Simulations of directional growth of AZ31 in comparison with experiments[28] shall serve for calibration of inaccurate material data and as benchmark for anisotropic behavior. Calculation by MICRESS[25]

Conclusions

A Phase-Field model coupled to CALPHAD databases is presented shortly. Its main feature is the use of a quasi-equilibrium construction for the partitioning of a solute at interphases and a \({\Delta G_{\upalpha \upbeta}}\) offset between the tangent lines on the Gibbs energy curves, that defines the kinetic driving force of the interphase motion. Some issues related to the use of standard CALPHAD data bases within this scheme are discussed, that are:

  • Reliability of Gibbs energies in metastable regions and metastable extensions of equilibrium lines.

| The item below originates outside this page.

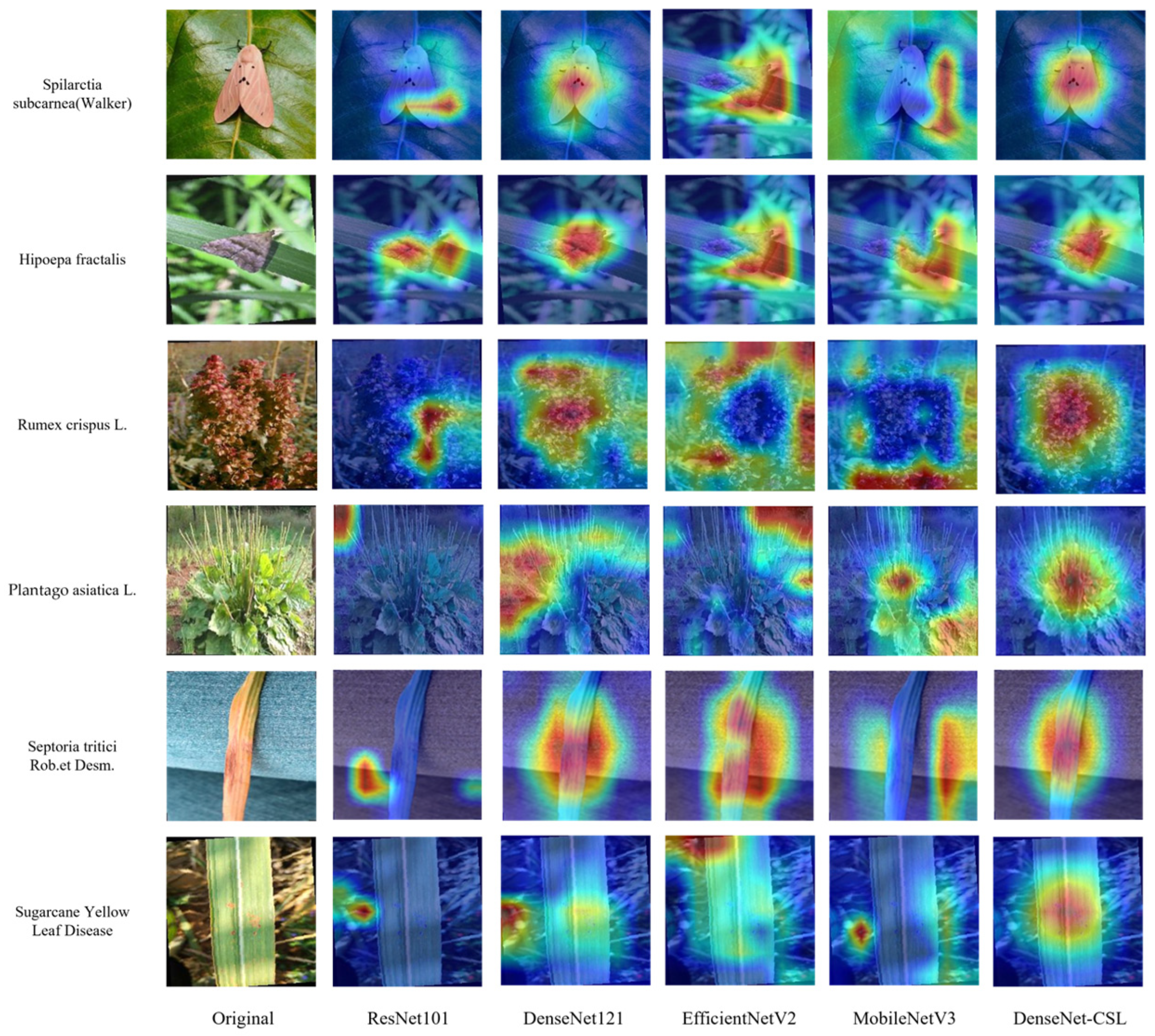 Figure 15 shows representative Grad-CAM visualizations produced by ResNet101, DenseNet121, EfficientNetV2, and DenseNet-CSL for six test samples spanning both laboratory-style PlantVillage disease images (typically characterized by uniform backgrounds) and field-captured pest/weed images (typically characterized by cluttered natural backgrounds). Overall, ResNet101 and EfficientNetV2 tend to produce more scattered or multi-region activations, and in several cases their responses extend beyond the target organism to surrounding leaves, soil, or background textures. This indicates that these models may be more sensitive to background clutter and may partially rely on context-related cues rather than strictly discriminative biological regions. In contrast, DenseNet121 shows relatively improved localization but still exhibits occasional background leakage. By contrast, DenseNet121 shows relatively improved localization but still exhibits occasional background leakage. In comparison, DenseNet-CSL consistently focuses on more complete and biologically relevant regions of the harmful organisms, such as characteristic body contours, leaf lesion areas, or distinctive structural features. This observation indicates that the proposed model is more effective in capturing spatially coherent and semantically meaningful features.

  • Easy and consistent identification of the individual phases by their ordering status.

  • Splitting the Gibbs energy of a phase with a miscibility gap into two hypothetical Gibbs energies.

Applications in solidification of a Ni-base alloy with formation if interdendritic \({\upgamma^{\prime}}\) and solidification of AZ31 Mg alloy, using a newly assessed database are demonstrated.